What is needed:
Write out again the lines from the line with "6月28日,学校在仲景西区图" up to and including the line with "时髦精们尤其偏爱亚麻质地的白色纽扣裙款,复古高级又颇具慵懒感。", exactly as they stand below, and skip any picture.

Collected data

-*-*-

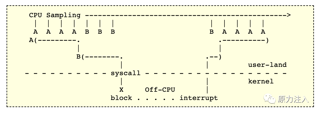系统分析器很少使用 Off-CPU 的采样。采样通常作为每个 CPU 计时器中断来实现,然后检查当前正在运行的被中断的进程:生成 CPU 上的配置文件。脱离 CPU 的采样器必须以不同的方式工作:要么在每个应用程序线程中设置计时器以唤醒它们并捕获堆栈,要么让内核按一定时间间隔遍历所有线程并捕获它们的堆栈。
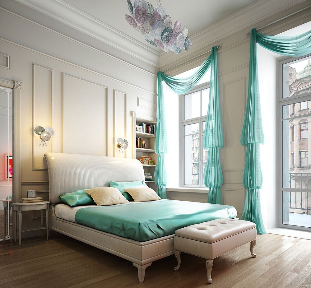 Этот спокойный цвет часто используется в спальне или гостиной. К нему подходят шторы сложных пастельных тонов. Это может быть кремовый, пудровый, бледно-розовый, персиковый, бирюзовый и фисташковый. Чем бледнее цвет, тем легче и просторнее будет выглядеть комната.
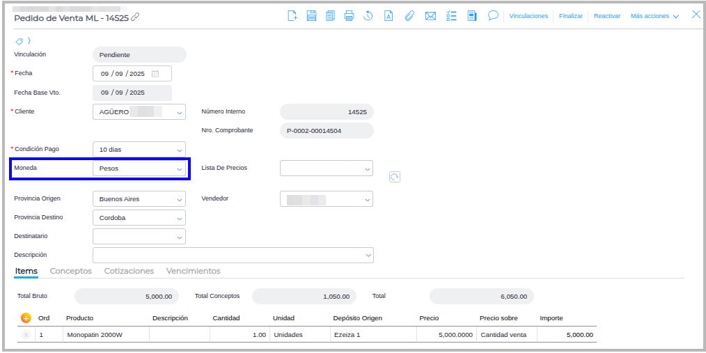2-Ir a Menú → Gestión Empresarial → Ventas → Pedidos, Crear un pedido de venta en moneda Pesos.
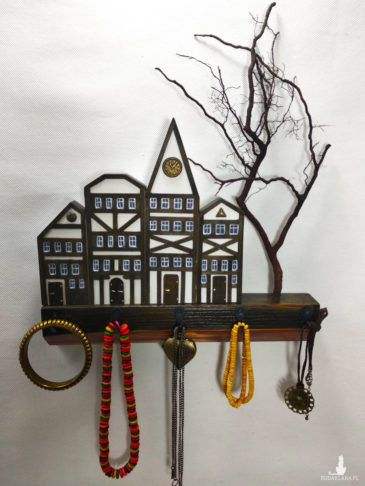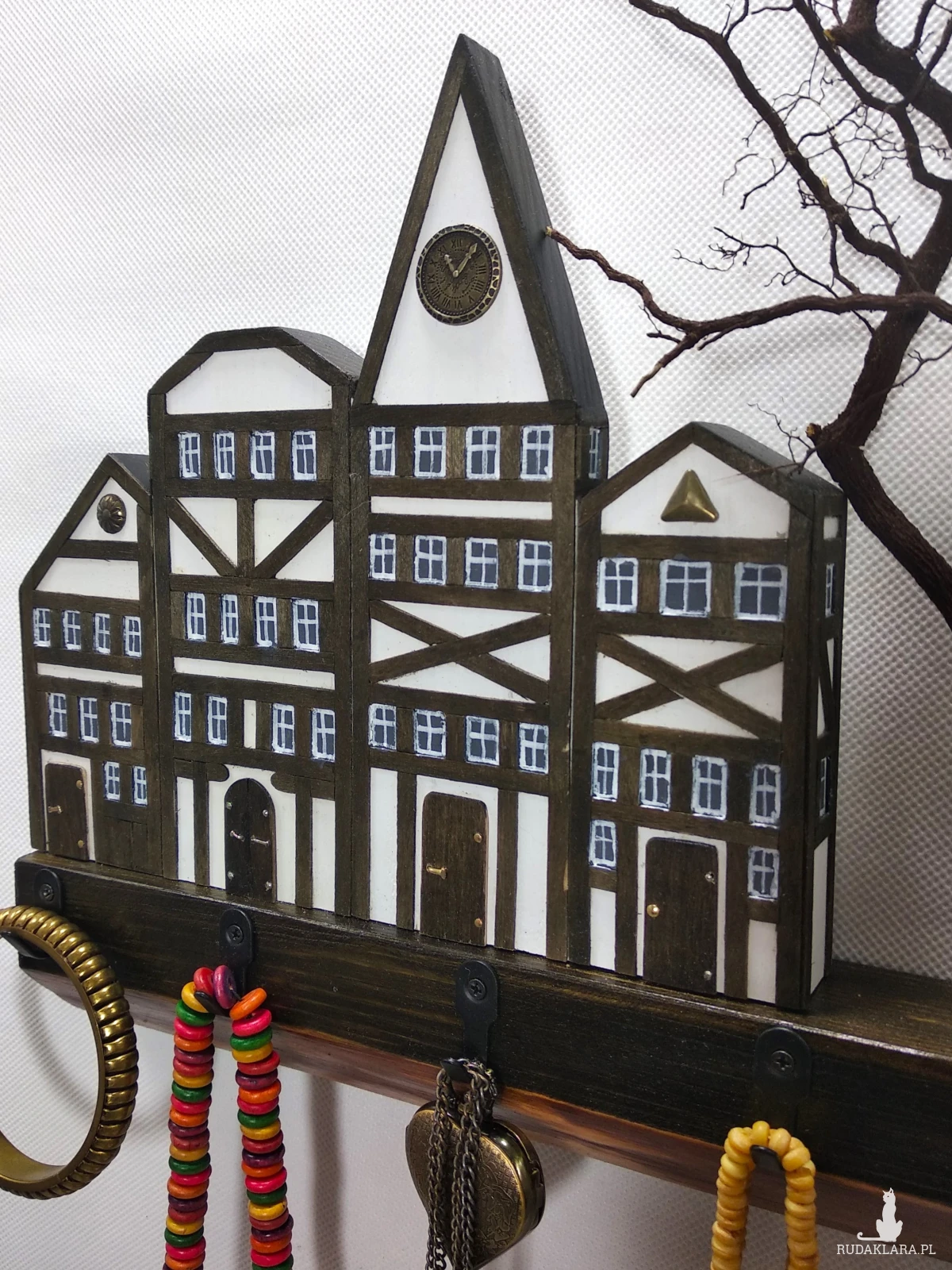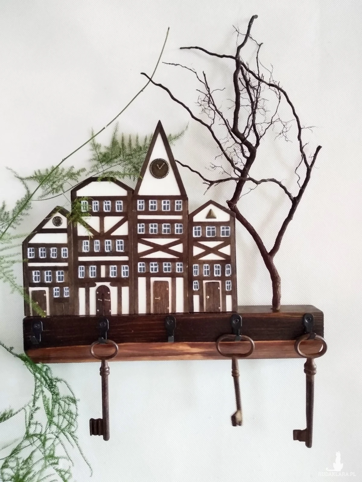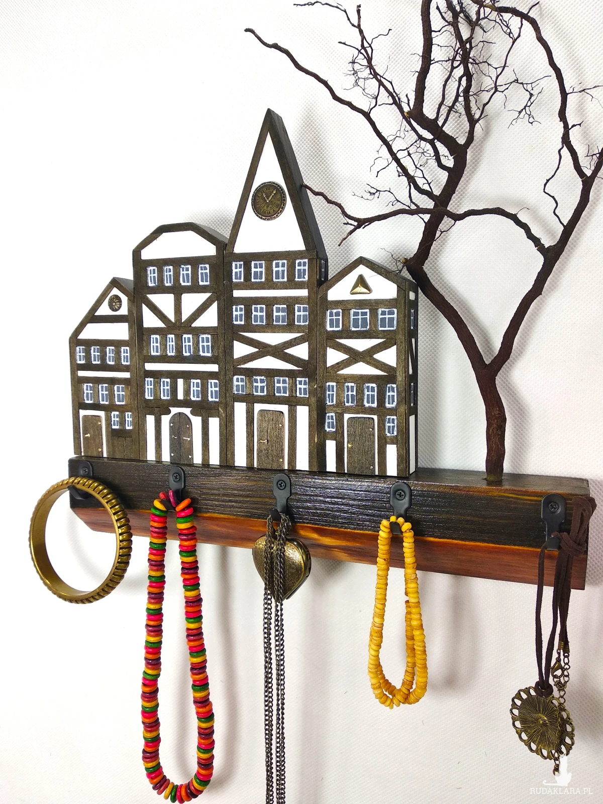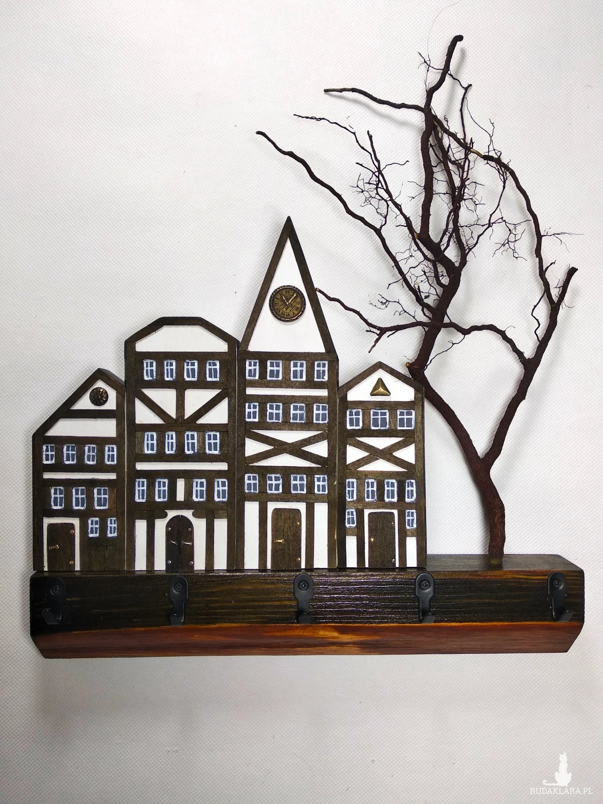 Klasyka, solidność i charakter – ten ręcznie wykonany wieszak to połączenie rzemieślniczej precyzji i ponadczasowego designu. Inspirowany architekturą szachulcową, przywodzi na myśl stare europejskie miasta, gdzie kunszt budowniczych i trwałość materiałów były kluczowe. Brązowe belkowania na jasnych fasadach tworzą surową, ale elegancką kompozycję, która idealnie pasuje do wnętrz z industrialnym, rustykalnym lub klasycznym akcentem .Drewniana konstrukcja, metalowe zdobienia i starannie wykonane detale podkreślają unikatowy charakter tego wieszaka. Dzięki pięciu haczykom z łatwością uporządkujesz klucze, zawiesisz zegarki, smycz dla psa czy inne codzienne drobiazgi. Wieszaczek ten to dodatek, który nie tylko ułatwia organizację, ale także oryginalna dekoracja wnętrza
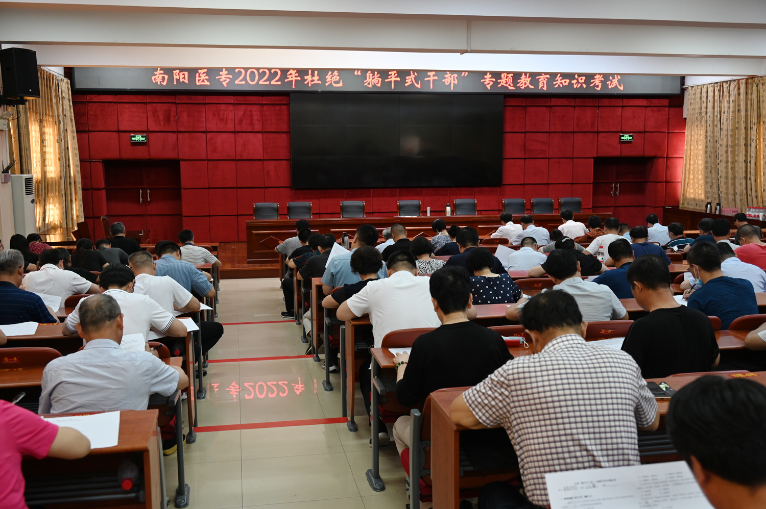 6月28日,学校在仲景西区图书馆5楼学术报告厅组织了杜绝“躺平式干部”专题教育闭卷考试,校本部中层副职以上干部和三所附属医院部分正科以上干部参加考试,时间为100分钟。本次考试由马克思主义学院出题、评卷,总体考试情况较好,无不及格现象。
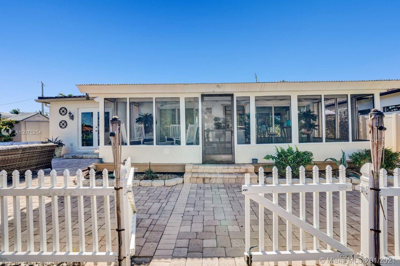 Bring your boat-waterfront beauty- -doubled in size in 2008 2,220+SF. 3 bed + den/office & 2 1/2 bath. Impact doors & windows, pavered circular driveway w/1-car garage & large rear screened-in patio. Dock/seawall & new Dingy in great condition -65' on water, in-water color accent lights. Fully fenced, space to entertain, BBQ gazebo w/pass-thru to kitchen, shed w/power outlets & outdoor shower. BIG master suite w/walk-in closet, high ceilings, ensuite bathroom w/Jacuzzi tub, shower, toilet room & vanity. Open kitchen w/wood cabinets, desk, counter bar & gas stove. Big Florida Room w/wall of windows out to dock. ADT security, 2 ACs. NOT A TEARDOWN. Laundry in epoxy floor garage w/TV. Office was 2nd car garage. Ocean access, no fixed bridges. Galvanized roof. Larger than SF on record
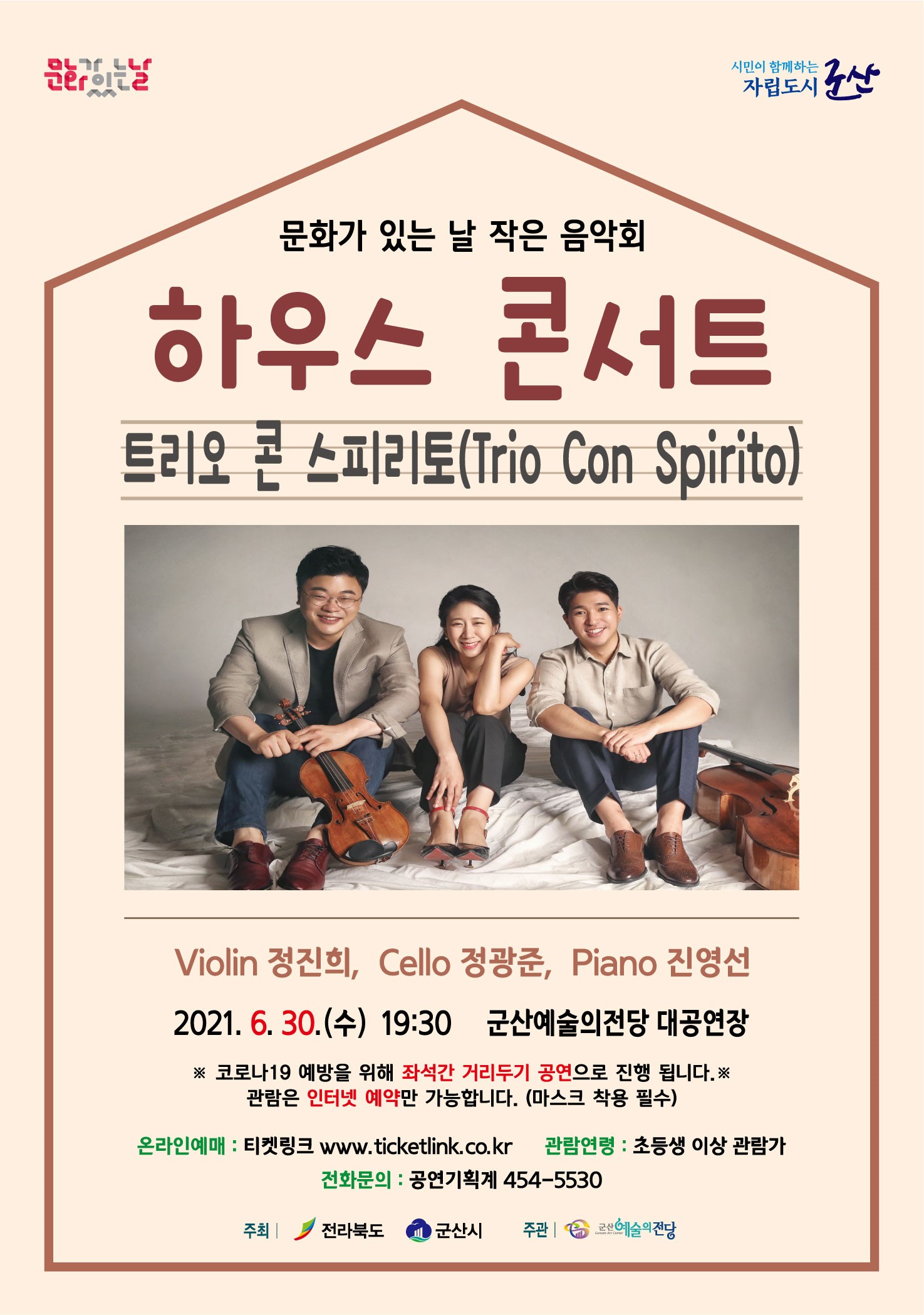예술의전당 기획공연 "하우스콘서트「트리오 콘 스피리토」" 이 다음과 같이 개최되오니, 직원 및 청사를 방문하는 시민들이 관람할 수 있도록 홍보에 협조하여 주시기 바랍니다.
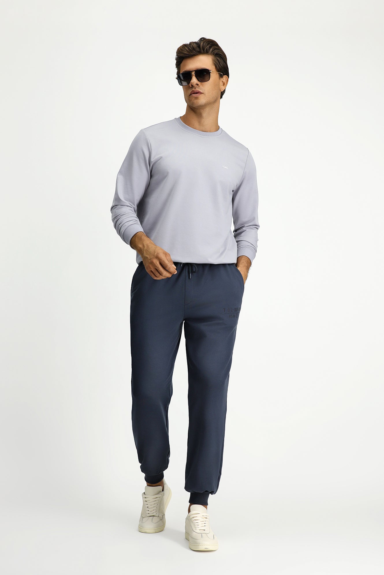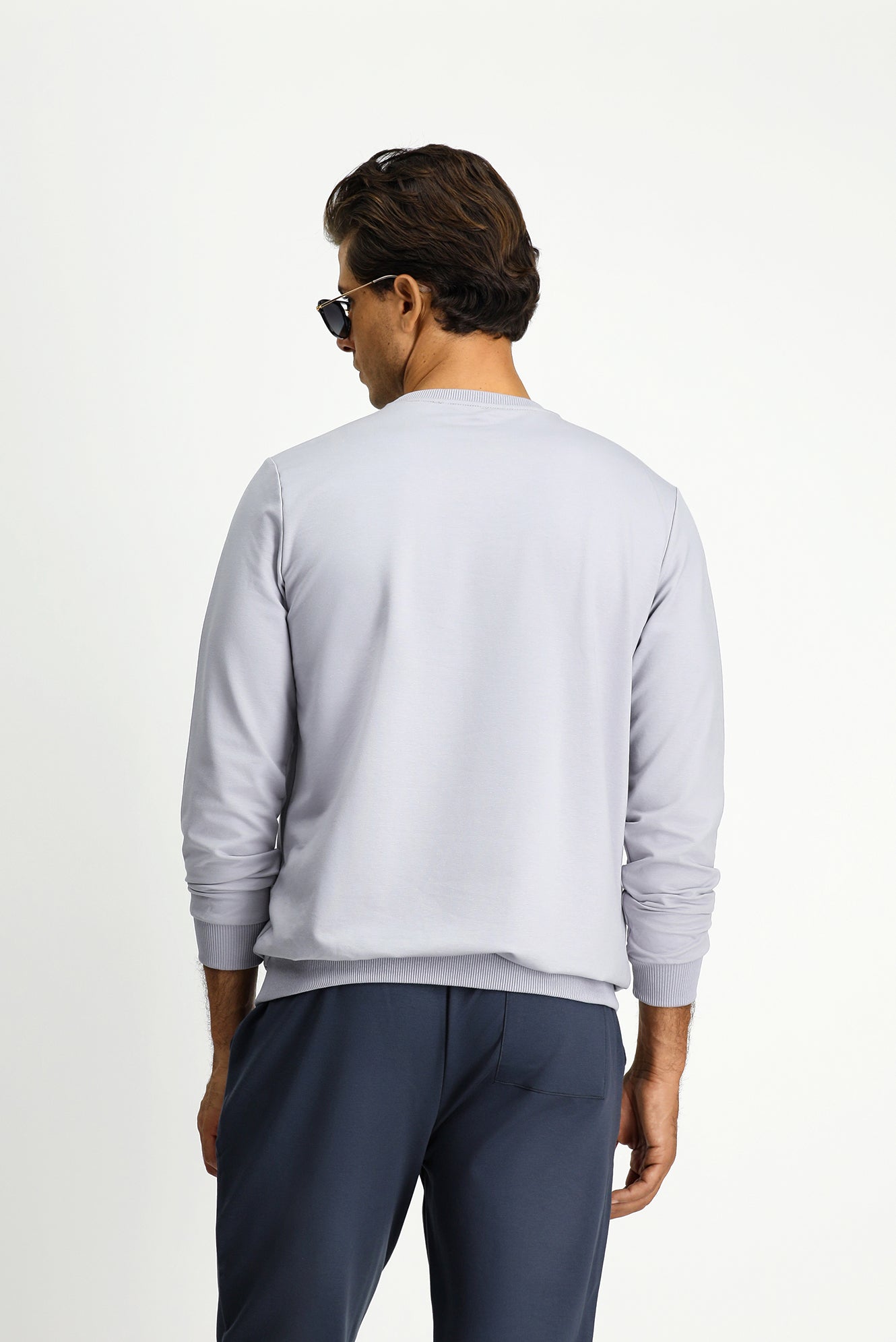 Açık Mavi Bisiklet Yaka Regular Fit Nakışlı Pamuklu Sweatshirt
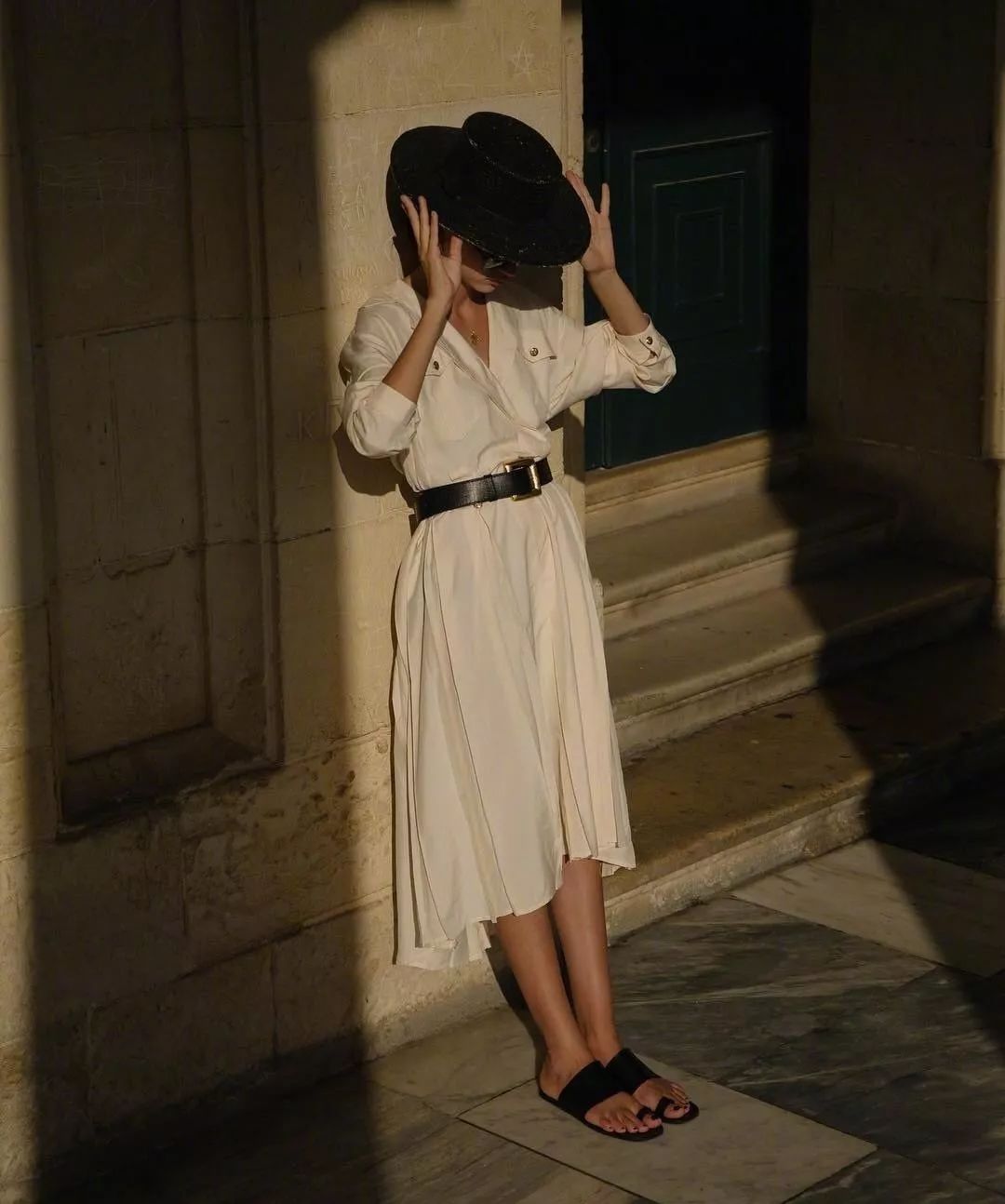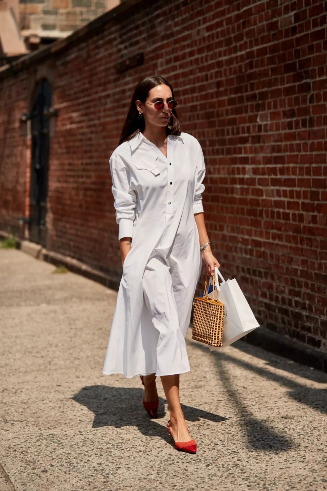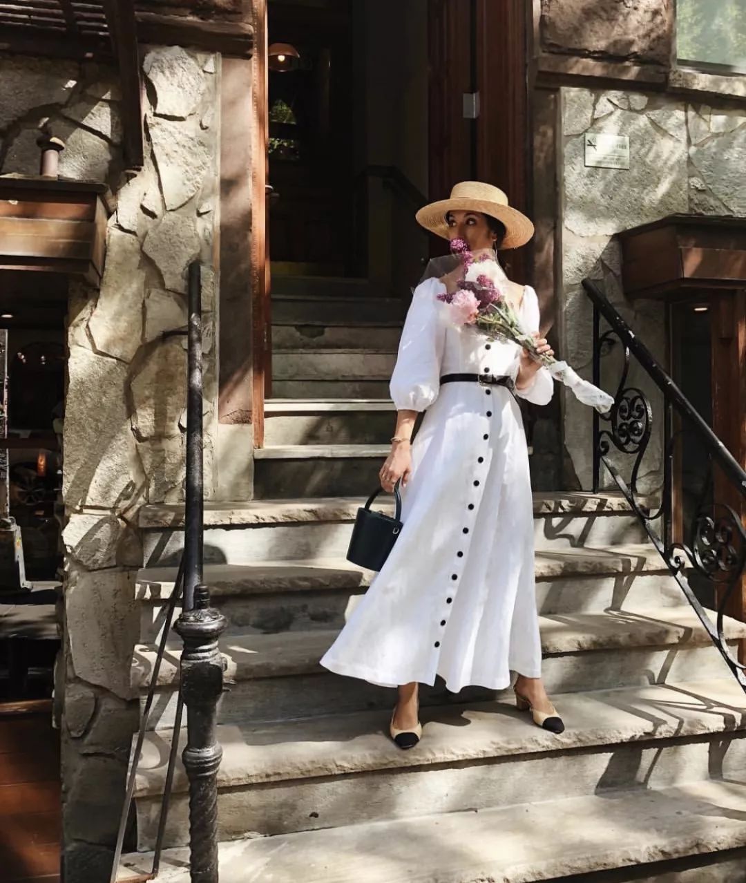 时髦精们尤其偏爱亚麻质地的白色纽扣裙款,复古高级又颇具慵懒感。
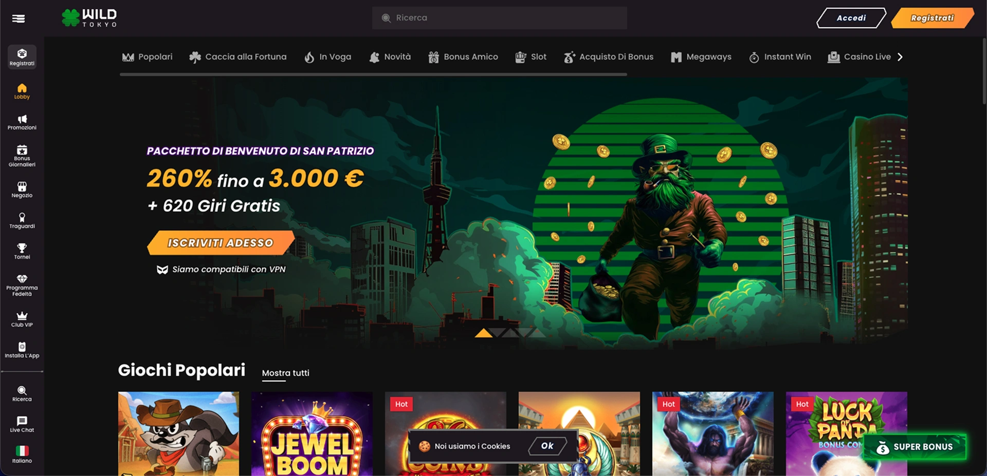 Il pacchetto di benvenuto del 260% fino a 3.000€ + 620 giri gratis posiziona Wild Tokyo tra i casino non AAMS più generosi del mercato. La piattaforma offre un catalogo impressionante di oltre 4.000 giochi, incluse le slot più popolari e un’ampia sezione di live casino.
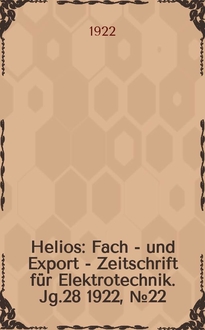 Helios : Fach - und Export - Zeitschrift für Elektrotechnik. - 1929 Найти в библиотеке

-*-*-

Answer space:
 6月28日,学校在仲景西区图书馆5楼学术报告厅组织了杜绝“躺平式干部”专题教育闭卷考试,校本部中层副职以上干部和三所附属医院部分正科以上干部参加考试,时间为100分钟。本次考试由马克思主义学院出题、评卷,总体考试情况较好,无不及格现象。
 Bring your boat-waterfront beauty- -doubled in size in 2008 2,220+SF. 3 bed + den/office & 2 1/2 bath. Impact doors & windows, pavered circular driveway w/1-car garage & large rear screened-in patio. Dock/seawall & new Dingy in great condition -65' on water, in-water color accent lights. Fully fenced, space to entertain, BBQ gazebo w/pass-thru to kitchen, shed w/power outlets & outdoor shower. BIG master suite w/walk-in closet, high ceilings, ensuite bathroom w/Jacuzzi tub, shower, toilet room & vanity. Open kitchen w/wood cabinets, desk, counter bar & gas stove. Big Florida Room w/wall of windows out to dock. ADT security, 2 ACs. NOT A TEARDOWN. Laundry in epoxy floor garage w/TV. Office was 2nd car garage. Ocean access, no fixed bridges. Galvanized roof. Larger than SF on record
예술의전당 기획공연 "하우스콘서트「트리오 콘 스피리토」" 이 다음과 같이 개최되오니, 직원 및 청사를 방문하는 시민들이 관람할 수 있도록 홍보에 협조하여 주시기 바랍니다.
 Açık Mavi Bisiklet Yaka Regular Fit Nakışlı Pamuklu Sweatshirt
 时髦精们尤其偏爱亚麻质地的白色纽扣裙款,复古高级又颇具慵懒感。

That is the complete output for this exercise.